Entries taken from a collection:

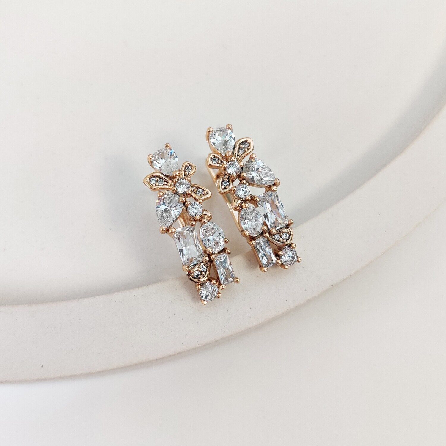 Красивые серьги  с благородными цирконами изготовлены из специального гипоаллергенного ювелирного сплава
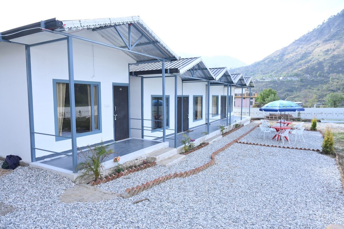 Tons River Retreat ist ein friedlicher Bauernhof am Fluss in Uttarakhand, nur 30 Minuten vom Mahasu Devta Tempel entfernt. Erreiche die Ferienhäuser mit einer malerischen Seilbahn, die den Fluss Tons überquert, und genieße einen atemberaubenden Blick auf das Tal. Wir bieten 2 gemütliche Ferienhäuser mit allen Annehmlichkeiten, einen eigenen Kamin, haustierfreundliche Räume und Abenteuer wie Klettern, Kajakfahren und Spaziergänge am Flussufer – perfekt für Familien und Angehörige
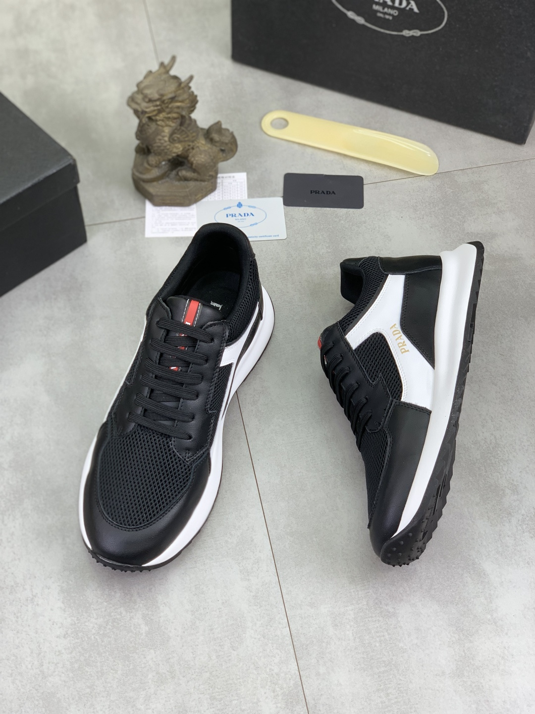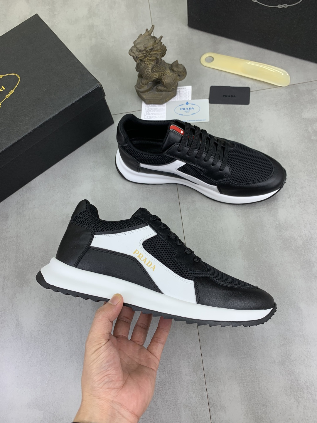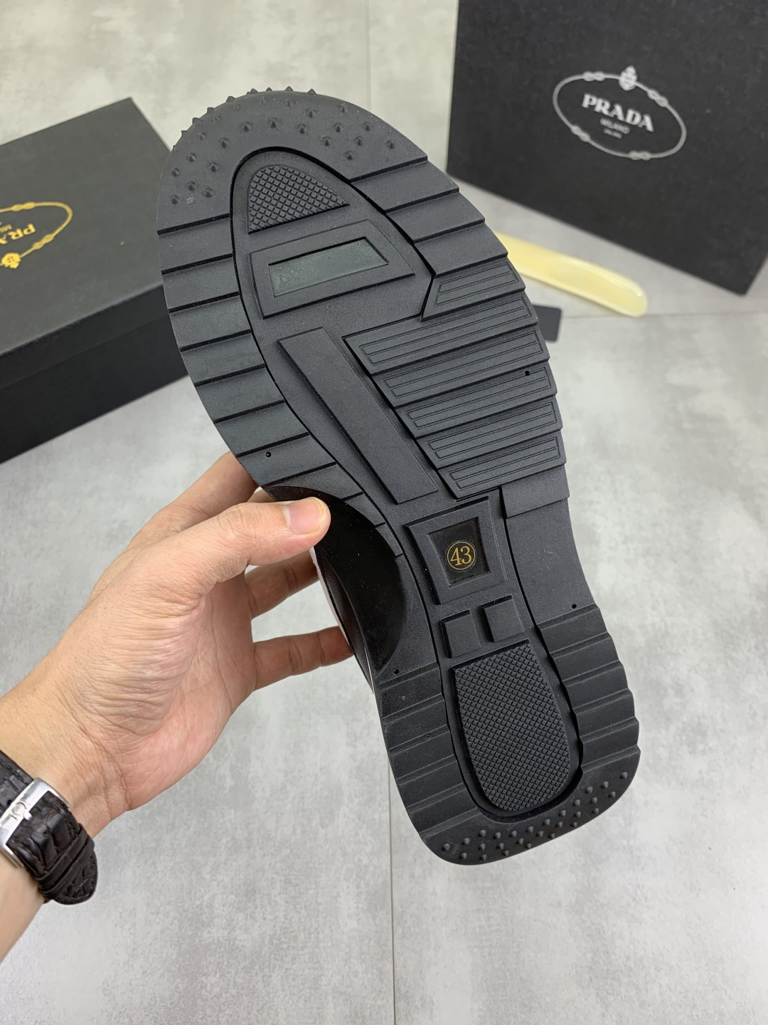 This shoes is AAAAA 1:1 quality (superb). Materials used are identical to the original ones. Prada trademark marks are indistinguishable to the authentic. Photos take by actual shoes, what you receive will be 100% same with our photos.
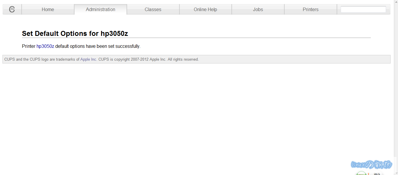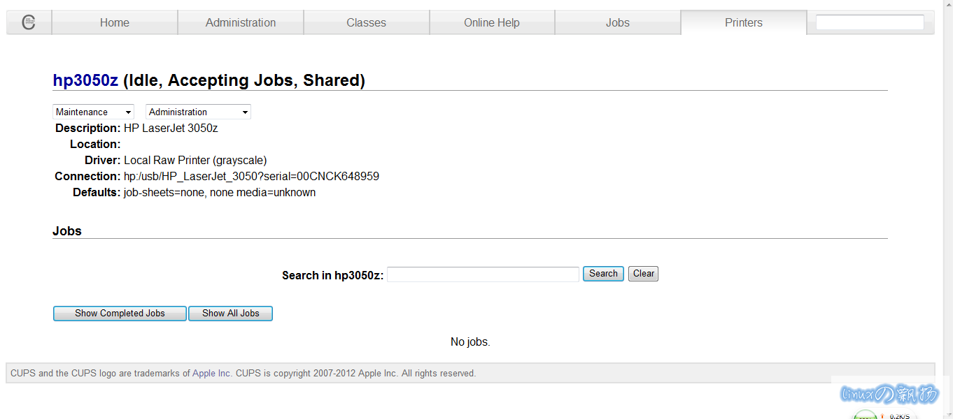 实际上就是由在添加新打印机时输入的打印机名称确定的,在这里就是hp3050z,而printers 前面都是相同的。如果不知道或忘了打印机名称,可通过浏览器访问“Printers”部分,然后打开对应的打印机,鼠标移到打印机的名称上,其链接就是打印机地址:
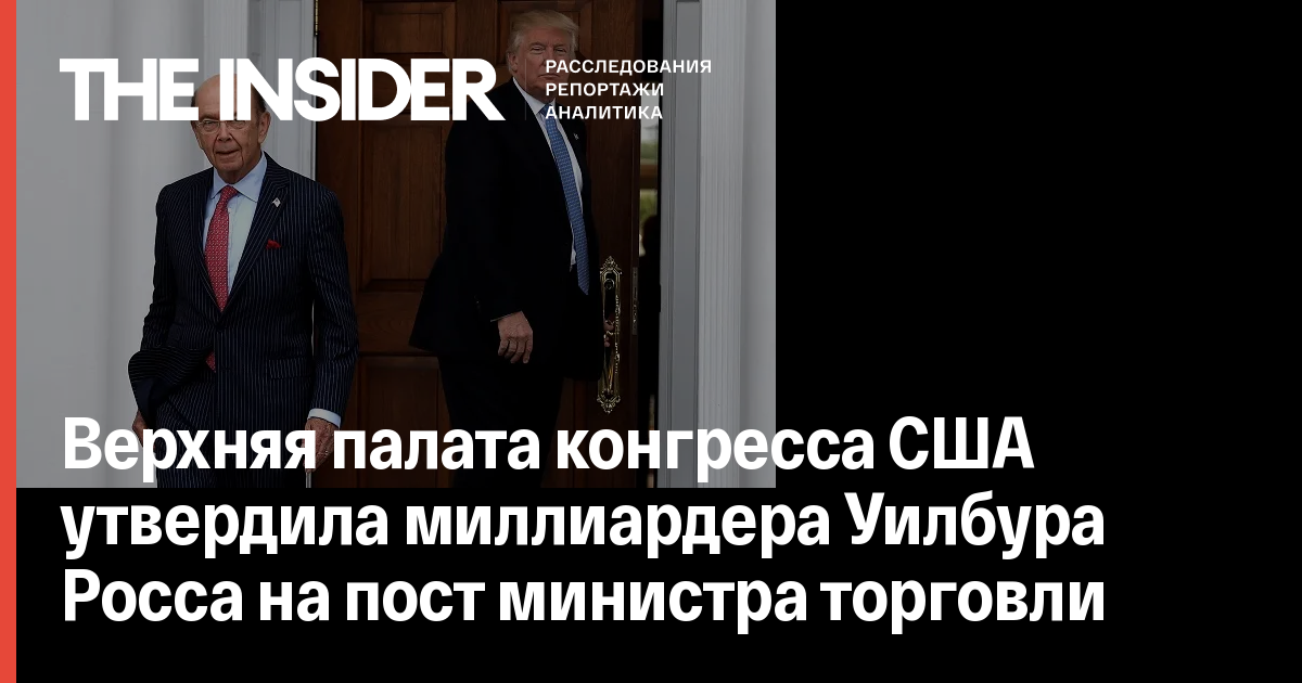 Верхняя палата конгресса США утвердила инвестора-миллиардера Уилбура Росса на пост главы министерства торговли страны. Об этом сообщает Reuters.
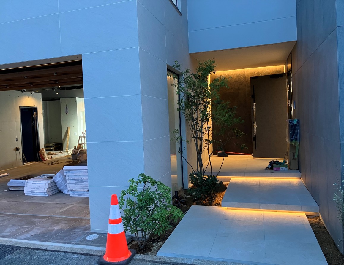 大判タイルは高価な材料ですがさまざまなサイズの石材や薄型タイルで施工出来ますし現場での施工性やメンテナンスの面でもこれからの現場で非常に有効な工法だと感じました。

**ABOUT THIS EXERCISE**
Leave the pictures out and reproduce every record above exactly.

**RESPONSE BOX**
 Красивые серьги  с благородными цирконами изготовлены из специального гипоаллергенного ювелирного сплава
 Tons River Retreat ist ein friedlicher Bauernhof am Fluss in Uttarakhand, nur 30 Minuten vom Mahasu Devta Tempel entfernt. Erreiche die Ferienhäuser mit einer malerischen Seilbahn, die den Fluss Tons überquert, und genieße einen atemberaubenden Blick auf das Tal. Wir bieten 2 gemütliche Ferienhäuser mit allen Annehmlichkeiten, einen eigenen Kamin, haustierfreundliche Räume und Abenteuer wie Klettern, Kajakfahren und Spaziergänge am Flussufer – perfekt für Familien und Angehörige
 This shoes is AAAAA 1:1 quality (superb). Materials used are identical to the original ones. Prada trademark marks are indistinguishable to the authentic. Photos take by actual shoes, what you receive will be 100% same with our photos.
 实际上就是由在添加新打印机时输入的打印机名称确定的,在这里就是hp3050z,而printers 前面都是相同的。如果不知道或忘了打印机名称,可通过浏览器访问“Printers”部分,然后打开对应的打印机,鼠标移到打印机的名称上,其链接就是打印机地址:
 Верхняя палата конгресса США утвердила инвестора-миллиардера Уилбура Росса на пост главы министерства торговли страны. Об этом сообщает Reuters.
 大判タイルは高価な材料ですがさまざまなサイズの石材や薄型タイルで施工出来ますし現場での施工性やメンテナンスの面でもこれからの現場で非常に有効な工法だと感じました。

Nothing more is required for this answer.